The decision, announced Thursday, exhausts the legal routes for a challenge of the August 2019 rates that dramatically reduced the amount that smaller providers would need to spend to purchase network capacity from the larger players. The rates were never implemented because it was almost instantly appealed to the federal government, the courts, and the CRTC, which granted a pause on its own decision pending a second look (a.k.a. Review & Vary).

The SCC does not give reasons for why it allows or denies a leave to appeal application.

What’s left now is a new set of final rates to be delivered by the CRTC.

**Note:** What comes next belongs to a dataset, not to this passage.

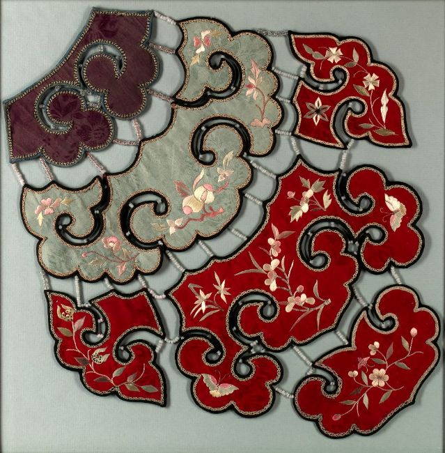 depicting fruiting plants from archaic vessels 30.5cm x 26cm, together with a framed embroidery 37cm x 36cm (3)

The Competitive Network Operators Consortium (CNOC), an organization that represents third party internet access (TPIA) providers and other independent operators, said in a statement Thursday: “We urge the Commission to stand behind the Order [and] recognize, as the [appeal court] did, the incumbents’ thinly-veiled attempt at delay.”

The organization is also asking the regulator to quickly announce a decision on the R&V, force the final wholesale rates on the large players, and provide the roughly $325 million in retroactive fees the CRTC ordered the big players must give back to the TPIA players to make up the difference between the interim rates set in 2016 and the final rates announced in the summer of 2019.

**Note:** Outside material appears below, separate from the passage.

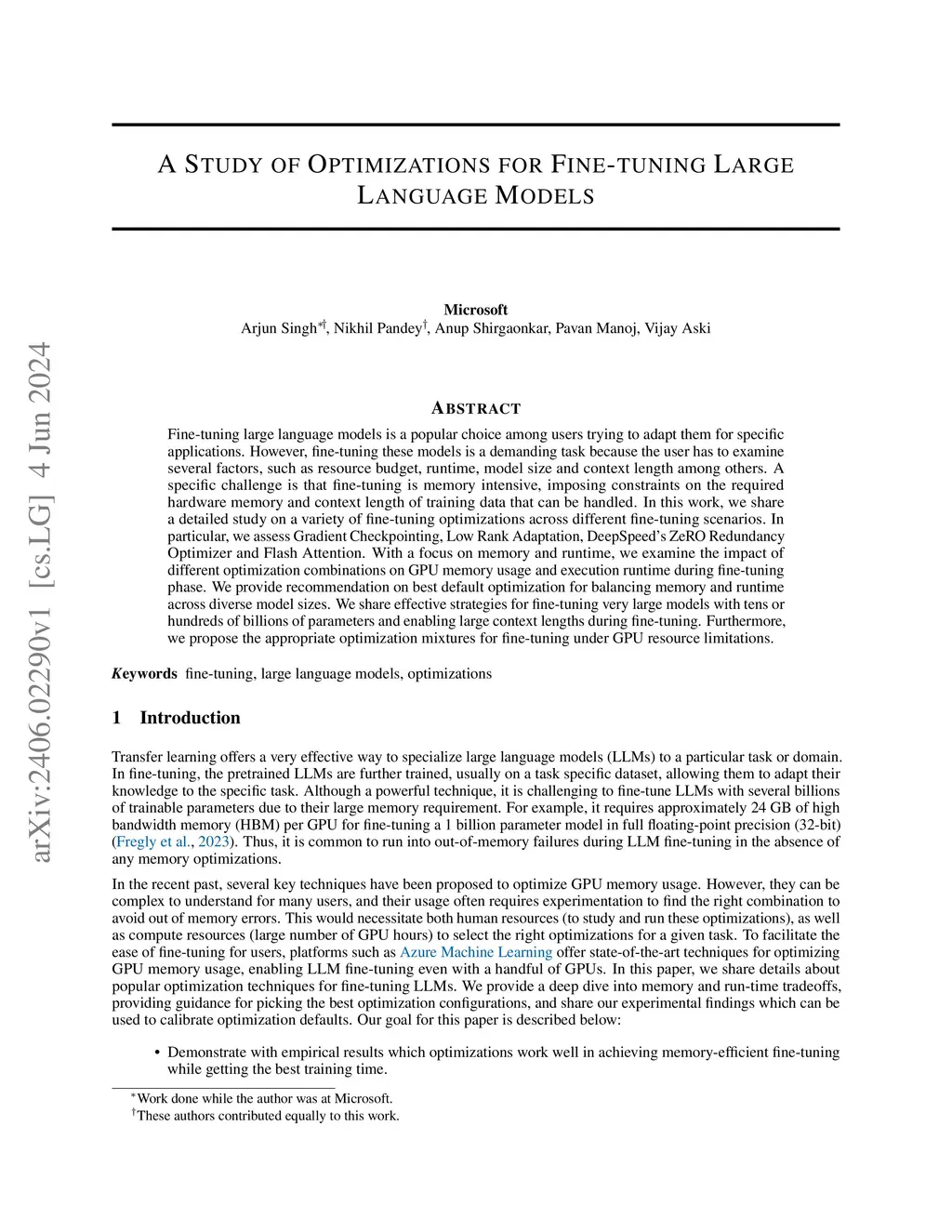 A Study of Optimizations for Fine-tuning Large Language Models

“Competitors have been under incredible strain as a result of the delayed (to the very last minute on every limitation period) implementation of the Order’s just and reasonable rates,” CNOC said in its statement. “As a consequence of not receiving Commission-determined refunds, and continuing to pay inflated interim rates, competitors are in a severely weakened, dire state, leaving aside our inability to access incumbents’ FTTP, which is the subject of our outstanding, emergency application.”

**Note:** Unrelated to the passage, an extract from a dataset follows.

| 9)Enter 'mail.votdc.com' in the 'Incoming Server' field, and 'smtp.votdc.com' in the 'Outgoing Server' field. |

In an interview, head of CNOC Matt Stein said the decision means the time for lower wholesale rates is near and although the decision for those rates ultimately rests in the hands of the CRTC, Stein said the long road that led to this point will have meant something because the large carriers may think twice about going the court route if they decide to challenge the CRTC’s second decision in the matter.

That’s especially so, Stein said, because the Federal Court was emphatic about its decision against the large carrier arguments: it was of dubious merit, wasn’t worth hearing and warranted the return of the respondents legal fees at the SCC.

Jean-Philippe Béïque, CEO of small Quebec-based internet service provider Ebox, said in a statement that the decision is “very important,” paves the road for a competitive future for internet rates, and “puts an end to the legal manipulation of the system.”

“Now all eyes are on Ottawa and the CRTC, which must lift the suspension of its own decision.” – Jean-Philippe Béïque, Ebox

“Now all eyes are on Ottawa and the CRTC, which must lift the suspension of its own decision,” he said.

While the federal government said in response to petitions that the rate in some instances would reduce investments in networks, the Federal Court of Appeal ruled that the regulator took into consideration policy considerations that fulfilled its obligation under the Telecommunications Act.

The large carriers including Rogers, Bell, Shaw, and Quebecor said in court submissions they were hoping to get a clarification about the new December 2019 Vavilov ruling, which gives courts greater latitude to make determinations on correct applications of the law rather than defer to a regulator’s ability to make decisions on reasonableness.

They argued that they weren’t sure how the lower court extrapolated a policy line of reasoning from the CRTC’s decision. The challengers argued that a list of links to previous policy decisions does not give a full explanation about how the regulator reasoned through the decision, which they said they are owed.

“The leave application of the cable carriers raised significant administrative law issues that called for guidance from the Supreme Court of Canada,” Kent Thomson, the large cable companies’ lead lawyer on the case, said in a statement.

“While the cable carriers are disappointed with the court’s decision not to hear their case, they respect it. Today’s development does not affect, and is completely distinct from, the CRTC’s review of its Order from August 2019 establishing wholesale rates that the cable carriers are permitted to charge to resellers for high speed internet services. The CRTC’s review of its Order remains pending.”

Bell spokesman Nathan Gibson said in an emailed statement that the company is “disappointed in the Court’s decision,” but noted “the wholesale rates at issue remain under review by the CRTC, guided by the federal cabinet’s direction that the original rates were too low. We look forward to seeing the outcome of that process in the near future.”

What’s now up in the air is when the CRTC releases the R&V decision – and as they had done when the August 2019 rates were released, Stein said his members are ready to lower their prices for customers when the regulator pulls the trigger for a second time.